4 Responses to Trzeba na serio

  1. Renia pisze:

    „W przypadku możliwych kłopotów zdrowotnych, trafiając do lekarzy, którzy dość powszechnie zalecają 1 jajko tygodniowo, są określani jako ofiary „diety Kwaśniewskiego”.”
    Teresa bardzo trafny cytat wstawiłaś, bo takie zjawisko nie należy do odosobnionych i psuje opinie o Diecie Optymalnej.
    jak rozmawiałam z jedna znajoma o Diecie Optymalnej to mi powiedziała, ze ta dieta jest niebezpieczna bo ponoc ktos na niej byl i umarł.
    Ale, żeby takie opinie głosić to trzeba mieć konkretne informacje i wiedzieć dokładnie czy ta osoba rzeczywiście na tej diecie była.
    Ciekawi mnie inna sprawa – czy istnieje dieta, która daje nieśmiertelność? Ile ludzi codziennie w Polsce umiera przy diecie tradycyjnej? Dieta Optymalna nie jest dietą cud, ale sporej ilości osób uratowała – bądź przedłużyła życie – poprawiając jego komfort.
    Przez te fałszywe opinie o „tłustej diecie” sporo osób się jej boi. A szkoda. Nie mają szansy na poprawę swojego zdrowia.
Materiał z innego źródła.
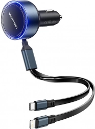 Kompaktowa ładowarka samochodowa Vention do gniazda 12–24 V umożliwia ładowanie nawet trzech urządzeń jednocześnie – ma zintegrowane płaskie przewody USB‑C i Lightning oraz boczny port USB‑C. Wspiera szybkie ładowanie do 30 W przez USB‑C, inteligentne zarządzanie prądem oraz zabezpieczenie przed przeładowaniem, przegrzaniem i przeciążeniem. Antypoślizgowe klipsy i aluminiowa obudowa zapewniają stabilne połączenie i wytrzymałość nawet na nierównych drogach.
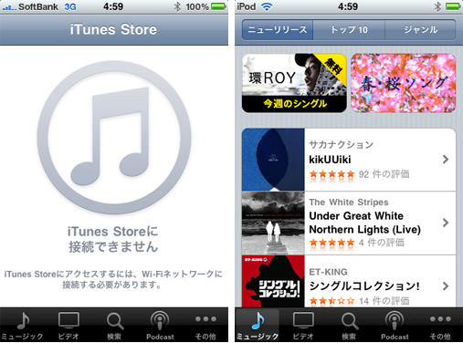iPhone単体ではiTunes Storeが利用できない(左)が、「Pocket WiFi」を使えばOK(右)
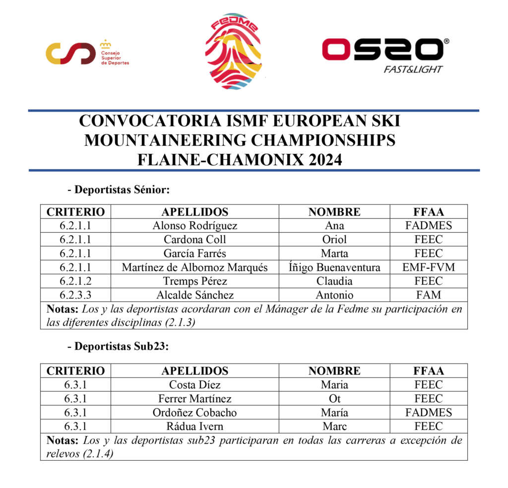De acuerdo con los criterios publicados en la web FEDME el pasado 14 de noviembre de 2023, se hace oficial el equipo seleccionado:
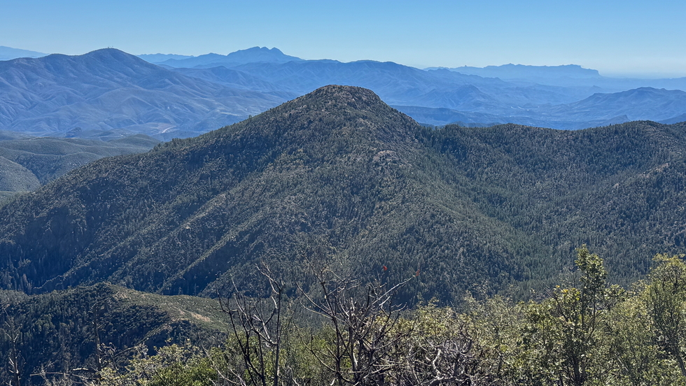 Looking southish. Left to right, Pinal just out of the frame ... then Ord, 4p, Peeley foreground and Boulder behind it, and finally Weavers and the full ridgeline.

    Tutaj mogę się posłużyć przykładem chociażby „mojej” dentystki. Trzy lata temu jak przechodziłam na DO rozmawiałam z nią o moim postanowieniu. Ona skwitowała to słowami, że bałaby się takiej ilości cholesterolu. Dzisiaj po 3 latach stosowania tego sposobu odżywiania nie mam śladu po chorobach na które cierpiałam (m.in. Hashimoto) a dentystka w tym czasie własnie tej choroby się nabawiła i sporo utyła…I nadal twierdzi, że ta dieta nie byłaby dla niej dobra – ewentualnie dla jej męża, bo on lubi tłusto zjeść… :(

  2. Komentarz @ Mariusza z „Mit „zbilansowanej” diety” na nowadebata.pl :

    „W badaniach na szczurach dieta białkowo-tłuszczowa przy 75% energii w tłuszczach, 20% w białkach i 5% w węglowodanach – spowodowała zmniejszenie zapotrzebowania na białko o 35%, na energię o 34%, na składniki mineralne o 68% i prócz bardziej korzystnych rezultatów we wszystkich badanych parametrach spowodowała zmniejszenie wagi serca o 35%.
    http://dr-kwasniewski.pl/?id=2&news=444

  3. OPTY pisze:

    ” psuje opinie o Diecie Optymalnej.”- Renia
    ————-
    To się tylko tak potem mówi, bo na co można zwalić jak nie na to czego stosować właściwie się nie chciało. To tak jak z nowym samochodem jesli nie umiesz nim jeździć i nie przestrzegasz instrukcji obsługi nie jest winny samochód tylko kierowca. Z organizmem jest tak samo. Więc twierdzę, że nic nie psuje żadnej opinii o diecie bo jej popsuć nie może umysł który jej nie pojął , poprostu jej nie rozumie. A człowiek nierozumny nie może być dawcą opinii, tylko kalumii. Dla mnie jest to proste jak budowa bata. Może tylko w sposób spaczony się o niej wypowiadać, ale to w żaden sposób nie zmienia jej słuszności skuteczności i prawdziwości. To trzeba potrafić rozgraniczyć przy słuchaniu różnych niestworzonych rzeczy na temat , którego nie rozumie pseudokrytyk. Ta dieta broni się skutecznie sama poprzez właściwe jej stosowanie i przestrzeganie zasad. A jeśli się nie broni tzn. że osobnik na niej nie jest, tzn. popełnia błędy.
    Mi gdy się coś takiego zdarzy a czasami się zdarza ,to organizm zapala czerwoną lampkę w postaci określonych niedomogów i wtedy wiem ,że robię coś źle i skutecznie szukam przyczyny. Wiedząc ,że sam jestem sobie winien. Bo ten sposób odżywiania organizmu jest najlepszy dla człowieka. Nic nie jest winien zegar pokazujący godzinę, której z różnych przyczyn nie chcielibyśmy aby była. Czas płynie jednakowo dla wszystkich. Jednakowa dla wszystkich organizmów ludzkich jest dieta taka , która pozwala im funkcjonować bezkolizyjnie. A ,że wielu tego nie chce zrozumieć to już ich sprawa.